Ian Anderson criou uma personagem, o garoto-prodígio Gerald Bostock, que, aos 8 anos, ganhou concurso literário com intrincado poema épico, para, em seguida, ser desclassificado devido a supostos problemas mentais. A letra de Thick as a Brick seria o poema desse "pequeno Milton" (alusão a John Milton, de Paradise Lost), adaptado pela banda. Para completar o pacote, a capa do álbum era réplica de jornal de interior, contando a história do garoto, do uso de seu poema pela banda etc. Tudo com fotos e anúncios.
Monumental, Thick as a Brick, traz Ian Anderson caprichando nas letras e incendiando na guitarra e na flauta, tocada ao vivo com o músico apoiado numa única perna. Com sua barba e cabelo fartos, parecia o Tom Bombadil, de Tolkien.
2012: sem cabelo ou barba, Anderson continuou o álbum. Também sem o Jethro Tull, pois o maior criador de salmão da Escócia decidiu que Thick as a Brick 2 – Whatever Happened to Gerald Bostock fosse lançado como trabalho solo. Na era de estrelas pop de nomes como Ke$ha e will.i.am, o álbum ficou conhecido como TAAB 2. Puristas não devem se assustar: esse é o único laivo de contemporaneidade admitido pelo bardo prog.
Anderson se perguntou o que teria acontecido ao agora cinquentenário Gerald Bostock e bolou possibilidades, exploradas ao longo das 17 faixas de TAAB 2. A multiplicidade temática determinou a picotagem da forma, afinal agora é o narrador falando de diferentes Geralds e não mais o poema do menino.

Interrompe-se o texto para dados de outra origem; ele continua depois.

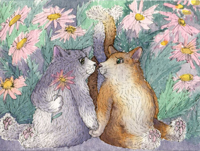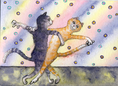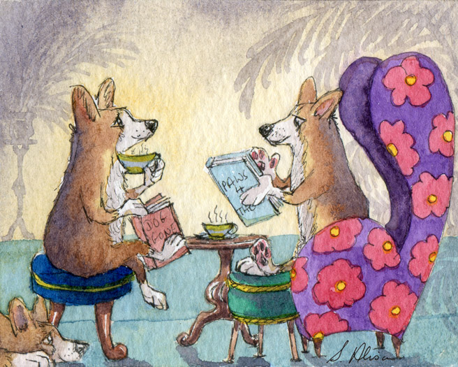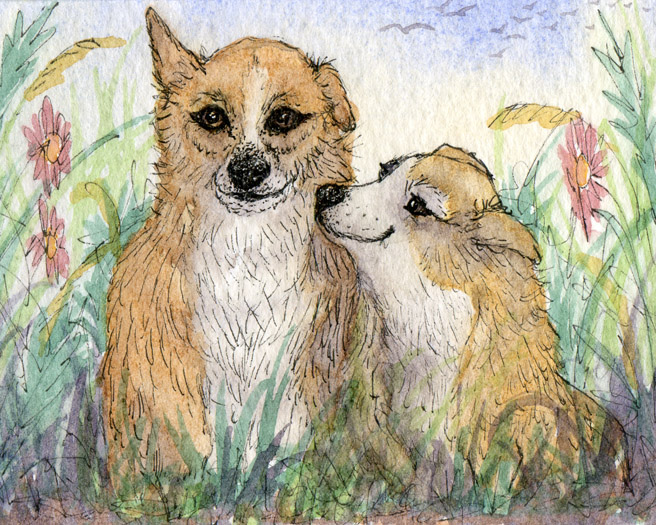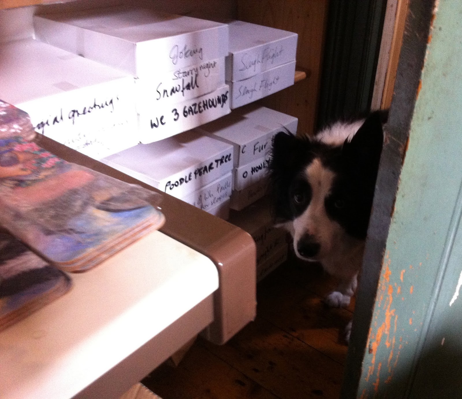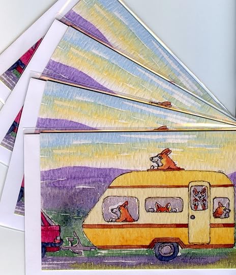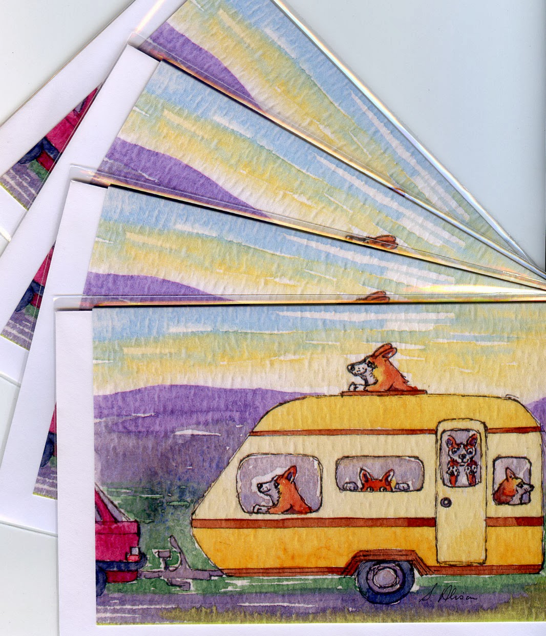 Some of my new cards - from a watercolor painting titled: They were off on their holidays (and woofing from the back: "Are we nearly there yet, Dad???")

Gerald pode ter se tornado banqueiro ganancioso, homossexual sem teto, combatente na guerra do Afeganistão, pastor evangélico dinheirista ou dono de pequena loja. Mais para o final, essas identidades se (con)fundem, para revelar seu denominador comum: a solidão.
Na metade de sua sexagenaridade, Anderson cria futuro desiludido para o pobre Gerald. Musicalmente, o roqueiro também está bem menos bombástico, embora TAAB 2 não descambe para a sacarinose. Pelo contrário, há ótimos momentos de duelo entre flauta e guitarra, só que agora, o tom é mais soft rock. As referências de música folk inglesa e música erudita também continuam lá.
TAAB 2 começa onde Thick as a Brick terminara em termos de melodia. É realmente como se ouvíssemos a continuação da obra. E acaba com os mesmos versos do início do primeiro, com o acréscimo de discreto "two".
Para completar o pacote, novo jornal fictício de província foi criado, inclusive com a notícia de que "velha estrela do rock" abriria show no ginásio da pequena cidade.
TAAB 2 provavelmente não angariou muitos novos fãs para Ian Anderson e até desagradou alguns velhos admiradores que esperavam álbum tão exuberante como o de 72. Muito pouco realista querer que alguém permaneça igual depois de 40 anos.
Longe de ser básico como o álbum do apogeu do Jethro, TAAB 2 demonstra que Ian Anderson ainda tem muita lenha para queimar.